──────── Records provided ────────

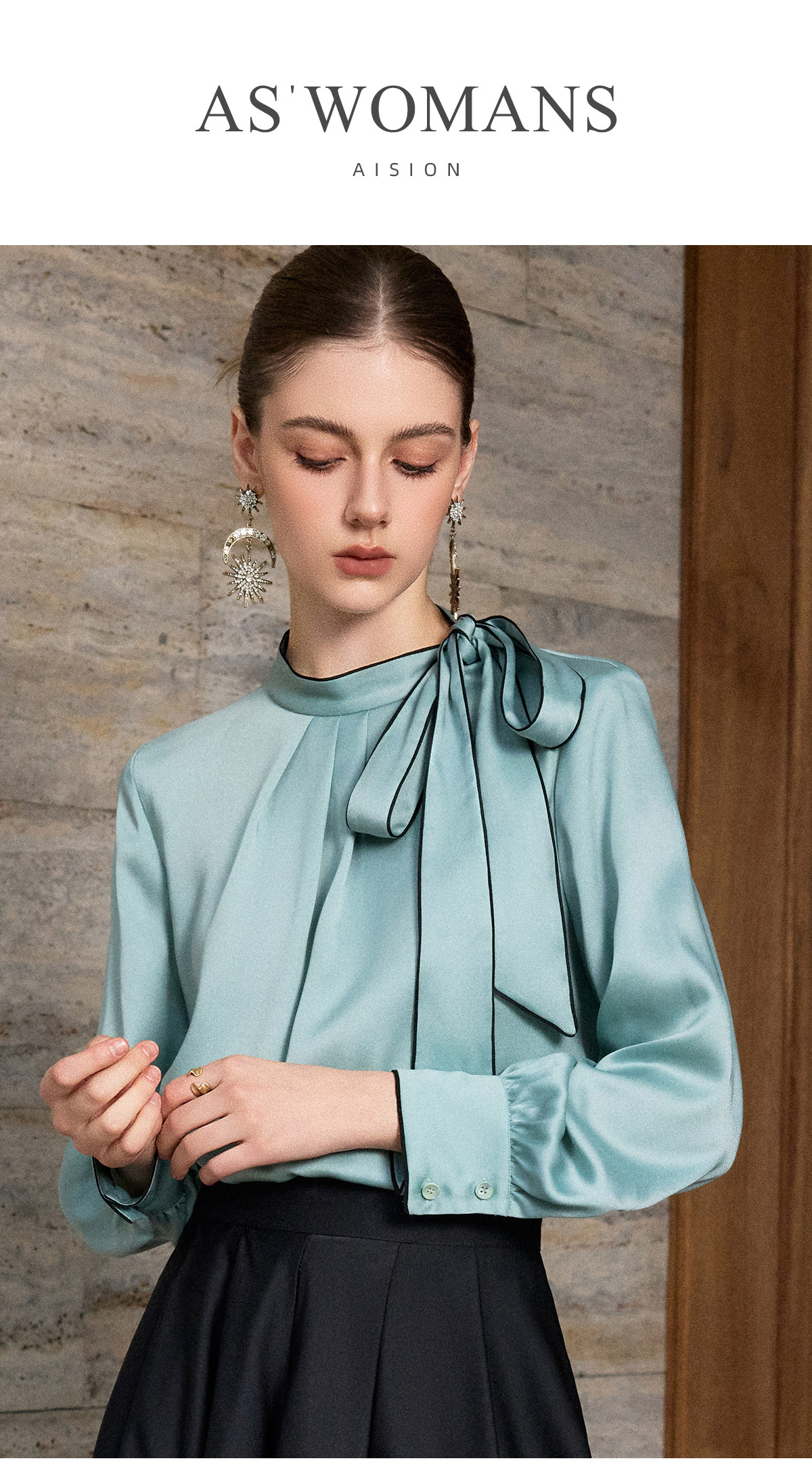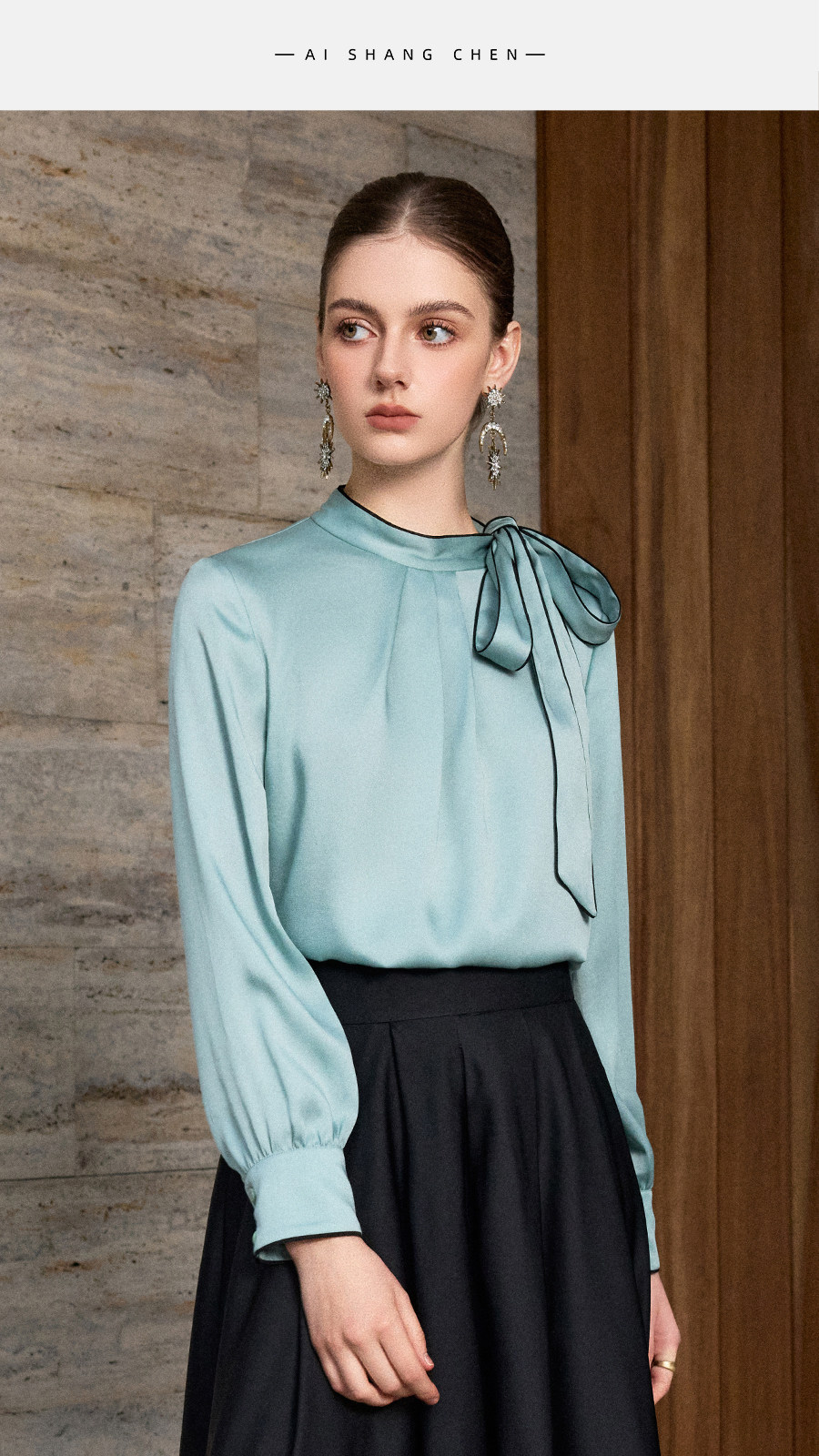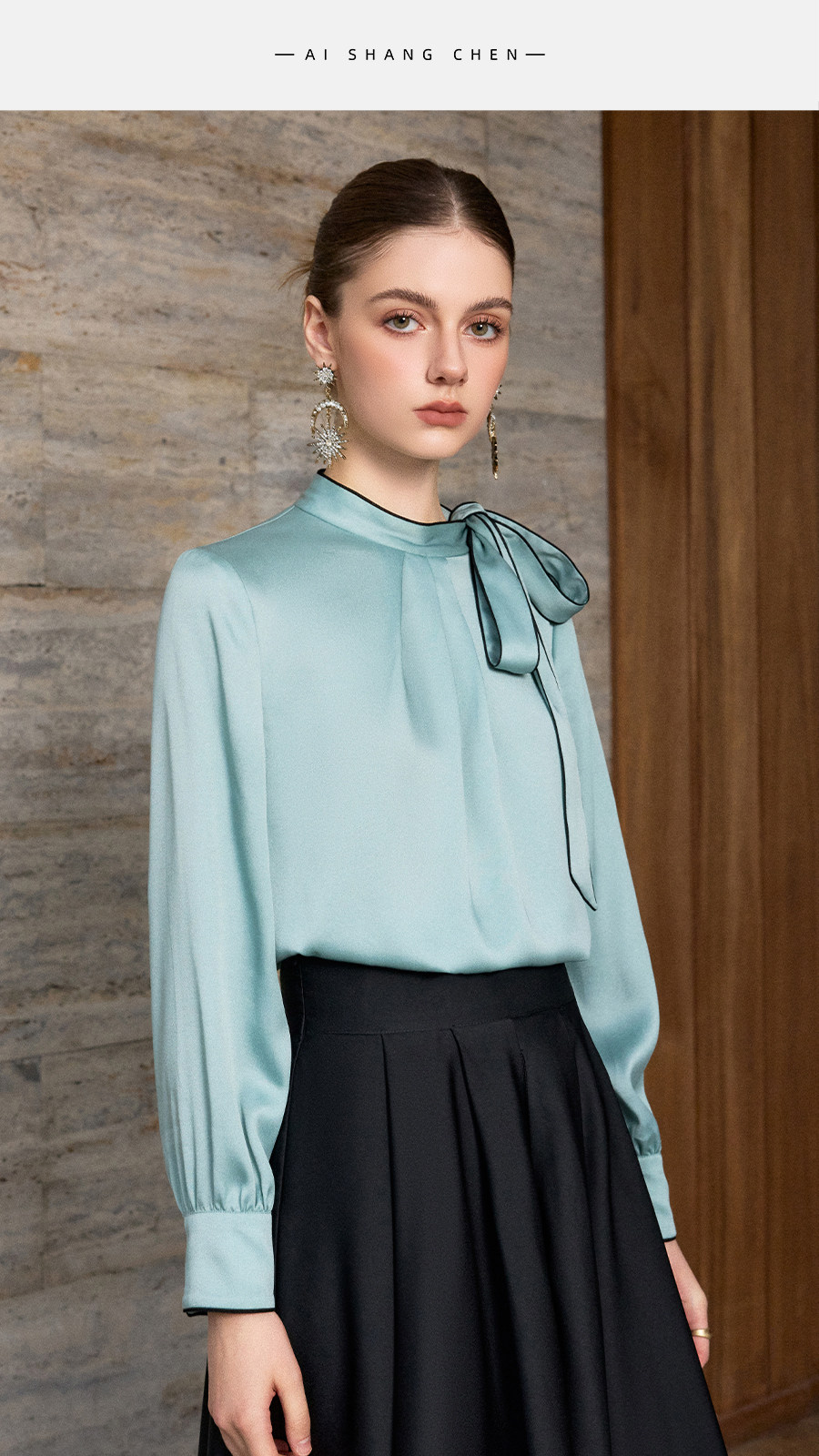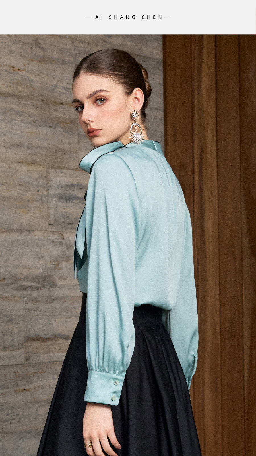 艾尚臣法式蝴蝶结飘带领长袖衬衫女轻熟优雅风高级感上衣
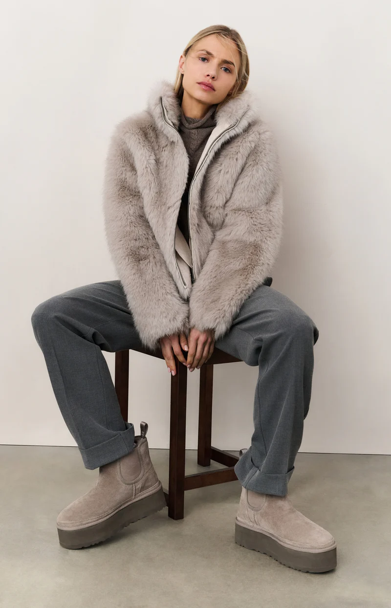 Deze comfortabele jas is gemaakt van zacht nepbont en heeft een opstaande kraag en een verborgen ritssluiting aan de voorzijde. De normale pasvorm en lange mouwen zorgen voor een elegante uitstraling. Een stijlvol item dat warmte biedt en makkelijk te combineren is met zowel casual als chique looks.
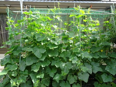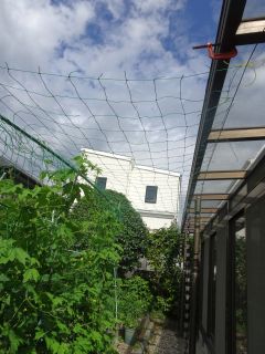 ゴーヤのネットを上にも足した。
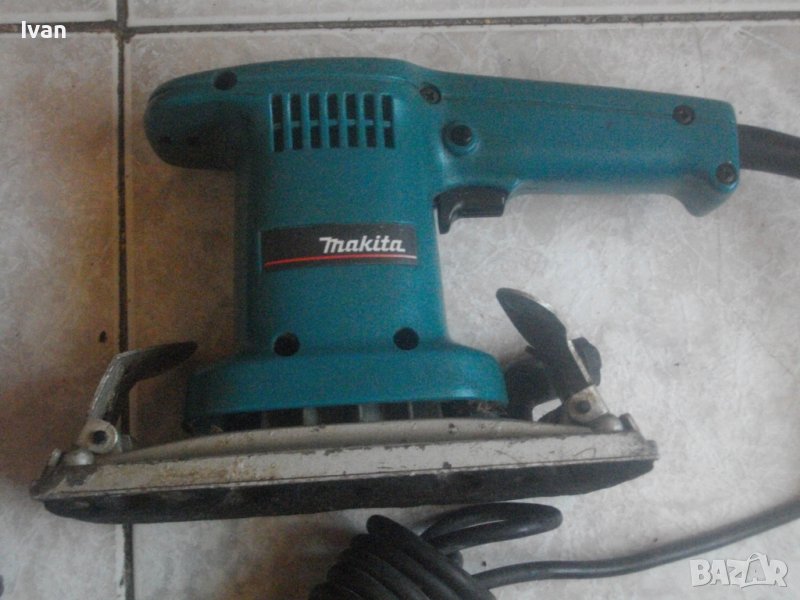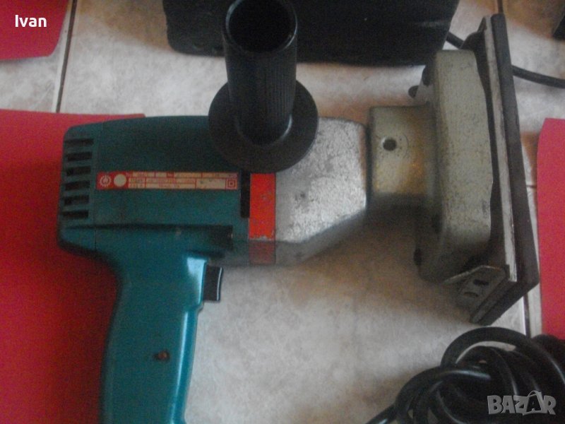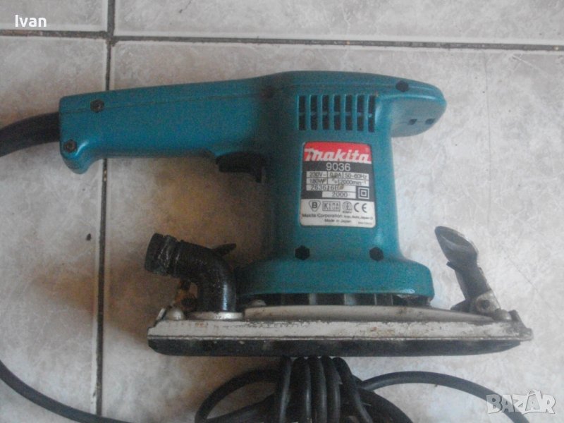 Makita 9036. Производство - оригинално Япония - Japan, вписано на маркировките. Отлично техн. състояние и запазен външен вид. Мощност на мотора - 180 вата ,обороти - 12 000 в минута ,постоянни.Плот масивен алуминиев, с две странични широки щипки за захват на шкурката. Инпрегнирана гума под плота за обиране нва вибрациите. Наличие на отведждащ конектор на отпадъчна прах с вграден накрайник. Автостоп на спусъка. Работи много добре - няма абсолътно никакво искрене на ниво четки/ротор.
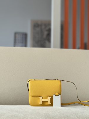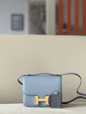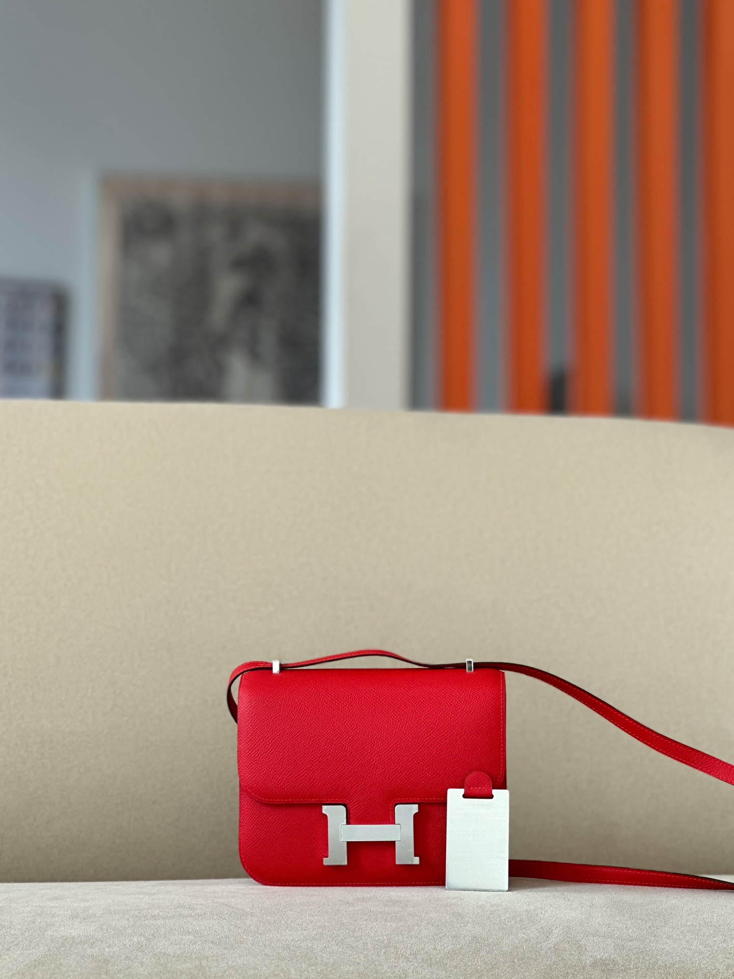 The bag features a long shoulder strap , including an H buckle on the flap.

────────

* [Instructions for the task]
Only the lines from the line holding "Makita 9036. Производство" through the last line above belong in the answer, repeated exactly; the pictures do not.

* [Task solution]
 Makita 9036. Производство - оригинално Япония - Japan, вписано на маркировките. Отлично техн. състояние и запазен външен вид. Мощност на мотора - 180 вата ,обороти - 12 000 в минута ,постоянни.Плот масивен алуминиев, с две странични широки щипки за захват на шкурката. Инпрегнирана гума под плота за обиране нва вибрациите. Наличие на отведждащ конектор на отпадъчна прах с вграден накрайник. Автостоп на спусъка. Работи много добре - няма абсолътно никакво искрене на ниво четки/ротор.
 The bag features a long shoulder strap , including an H buckle on the flap.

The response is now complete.